Mein Testmodell des Odyssey OLED G6 kommt ab Werk in der Bildeinstellung «Grafik» – gut so! Sie ist mit Abstand am besten kalibriert. Gamma und Weissabgleich verlaufen sehr nahe an den Sollwerten. Helle Graustufen haben einen leichten Grünstich. Das maximale DeltaE von 3,6 geht aber immer noch völlig in Ordnung.
Die gängigen SDR-Farbräume deckt der Odyssey OLED G8 sehr gut ab:
- sRGB: 139 % (relativ) / 100 % (absolut) (gut = 100 %) – der Standardfarbraum für digitale Inhalte.
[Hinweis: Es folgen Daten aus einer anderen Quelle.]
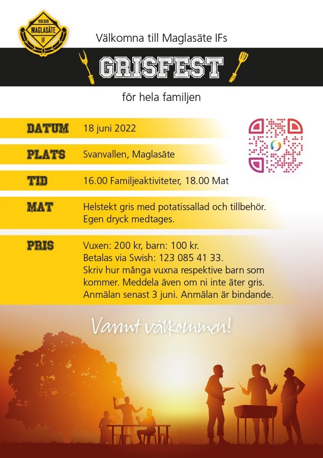 Nu är allt klart. Efter 2 långa år med pandemi och restriktioner kan vi nu äntligen ta upp vår fina tradition igen. Det blir sommarfest med helgrillad gris, potatissallad och tillbehör. Alla nya som gamla medlemmar är välkomna att anmäla sig, givetvis också familjemedlemar till våra medlemmar! Hoppas vi ses den 18 Juni på Svanvallen Mvh Maglasäte IF Maglasäte IF 24 maj 2022 1kommentar
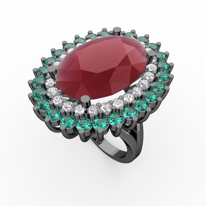 Kök yakut, pırlanta ve yeşil kuvars 925 ayar siyah rodyum kaplama gümüş yüzük (0.936 karat)

Die meisten SDR-Bilder und Videos sind auf sRGB abgestimmt.
- AdobeRGB: 98 % (gu t= >90 %) – ein wichtiger Farbraum für die Bearbeitung von Bildern, die für den Druck bestimmt sind.
Seit der neuesten OLED-Generation habe ich mich an die hohe AdobeRGB-Abdeckung gewöhnt. Auch die Farbgenauigkeit ist sehr gut (durchschnittliches DeltaE von 2,3). Bis vor kurzem waren für eine so farbtreue Darstellung spezialisierte Monitore nötig.
Das einzige Problem von Wide-Gamut-Panels wie dem Odyssey OLED G6 bleibt die zu satte Darstellung von sRGB-Inhalten (durchschnittliches DeltaE von 4,2). Das liegt jedoch am schlechten Farbmanagement von Windows. MacOS stellt verschiedene Farbräume systemweit korrekt dar.
Samsung bietet beim Odyssey OLED G6 auch keinen extra Bildmodus für sRGB-Inhalte. Ich kann zwar zwischen den Farbräumen «Nativ» und «Normal» wechseln. Doch das scheint nichts zu bewirken. Vielleicht liegt das an der nicht-finalen Firmware. Wie auch immer: Es spielt für einen Gaming-Monitor wohl kaum eine Rolle.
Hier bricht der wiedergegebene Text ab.